§ **Assignment**: From the line that contains "The integrated flux" to the final line below, both included, print each line exactly and skip the pictures.

[Stored records]

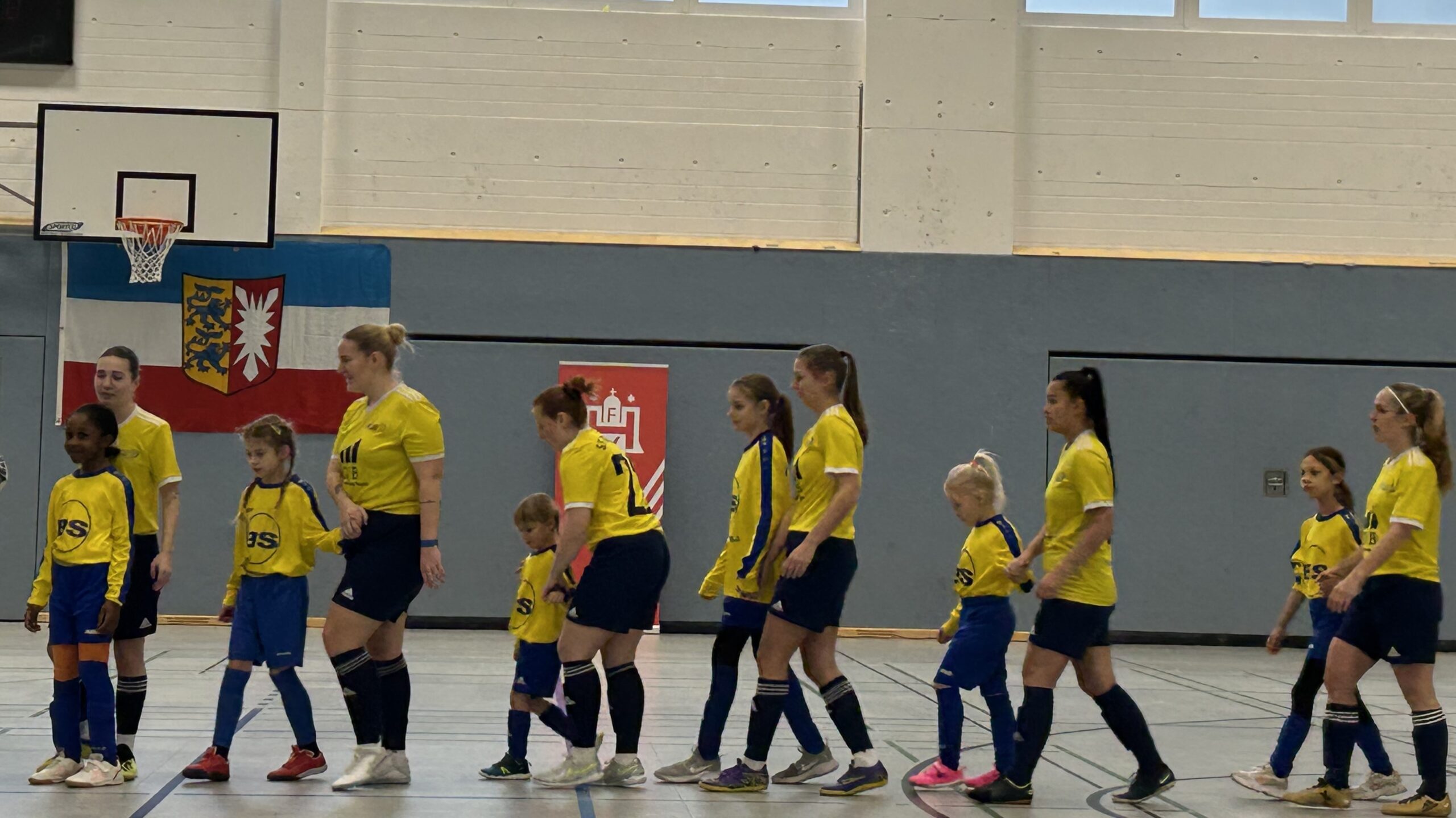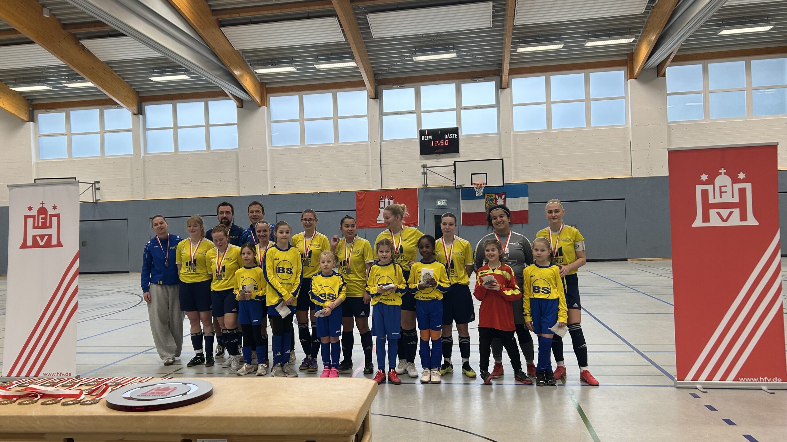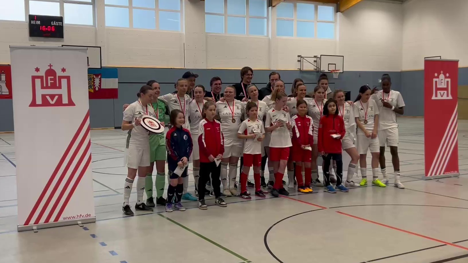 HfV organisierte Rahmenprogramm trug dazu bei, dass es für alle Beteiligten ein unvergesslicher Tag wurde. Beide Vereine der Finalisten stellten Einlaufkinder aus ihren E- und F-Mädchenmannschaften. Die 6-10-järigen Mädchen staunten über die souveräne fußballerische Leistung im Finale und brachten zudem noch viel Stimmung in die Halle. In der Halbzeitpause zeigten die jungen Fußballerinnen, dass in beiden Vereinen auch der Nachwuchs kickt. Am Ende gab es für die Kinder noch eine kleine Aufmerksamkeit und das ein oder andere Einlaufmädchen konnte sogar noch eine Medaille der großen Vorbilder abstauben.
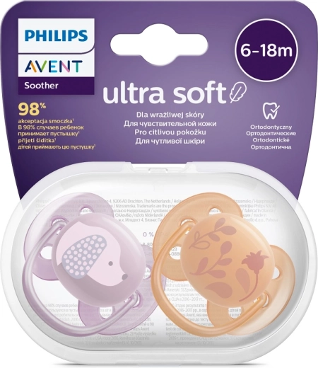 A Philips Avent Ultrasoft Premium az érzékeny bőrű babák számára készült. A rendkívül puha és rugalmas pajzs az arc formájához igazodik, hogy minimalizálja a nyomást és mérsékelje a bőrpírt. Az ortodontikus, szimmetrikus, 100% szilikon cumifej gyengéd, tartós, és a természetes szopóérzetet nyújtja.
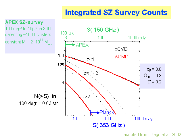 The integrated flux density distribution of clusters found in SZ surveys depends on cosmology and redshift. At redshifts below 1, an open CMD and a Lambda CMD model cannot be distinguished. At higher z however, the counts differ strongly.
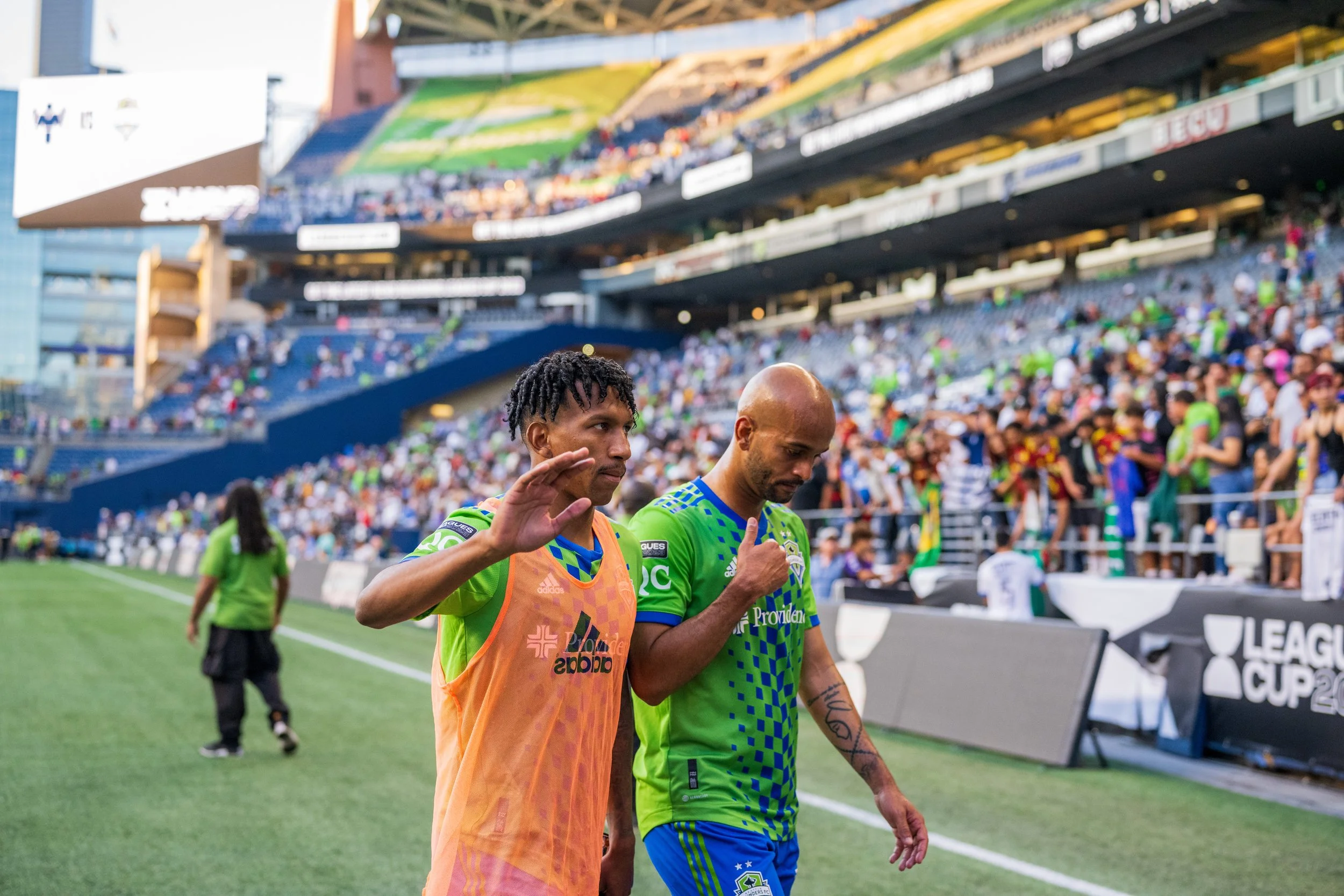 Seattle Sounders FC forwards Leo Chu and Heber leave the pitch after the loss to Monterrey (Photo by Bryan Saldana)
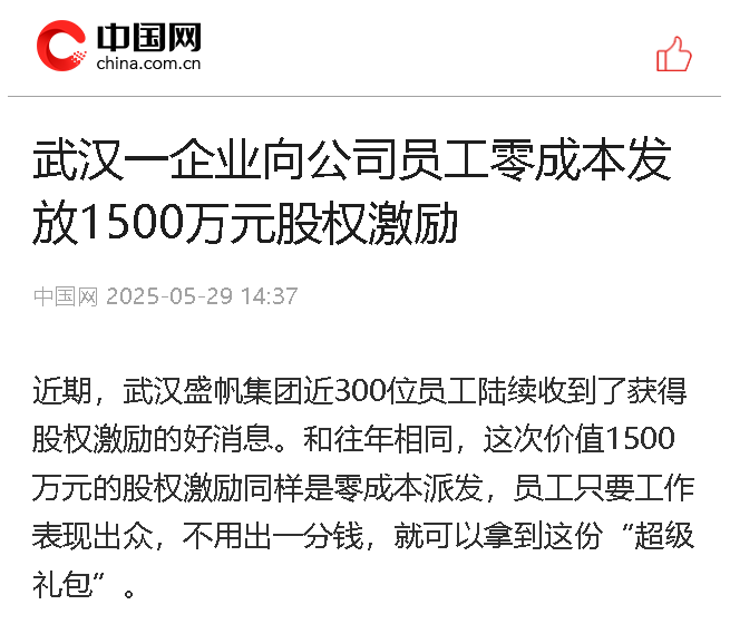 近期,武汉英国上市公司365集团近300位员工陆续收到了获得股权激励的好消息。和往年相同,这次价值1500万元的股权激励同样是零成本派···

§ **Response to the exercise**:
 The integrated flux density distribution of clusters found in SZ surveys depends on cosmology and redshift. At redshifts below 1, an open CMD and a Lambda CMD model cannot be distinguished. At higher z however, the counts differ strongly.
 Seattle Sounders FC forwards Leo Chu and Heber leave the pitch after the loss to Monterrey (Photo by Bryan Saldana)
 近期,武汉英国上市公司365集团近300位员工陆续收到了获得股权激励的好消息。和往年相同,这次价值1500万元的股权激励同样是零成本派···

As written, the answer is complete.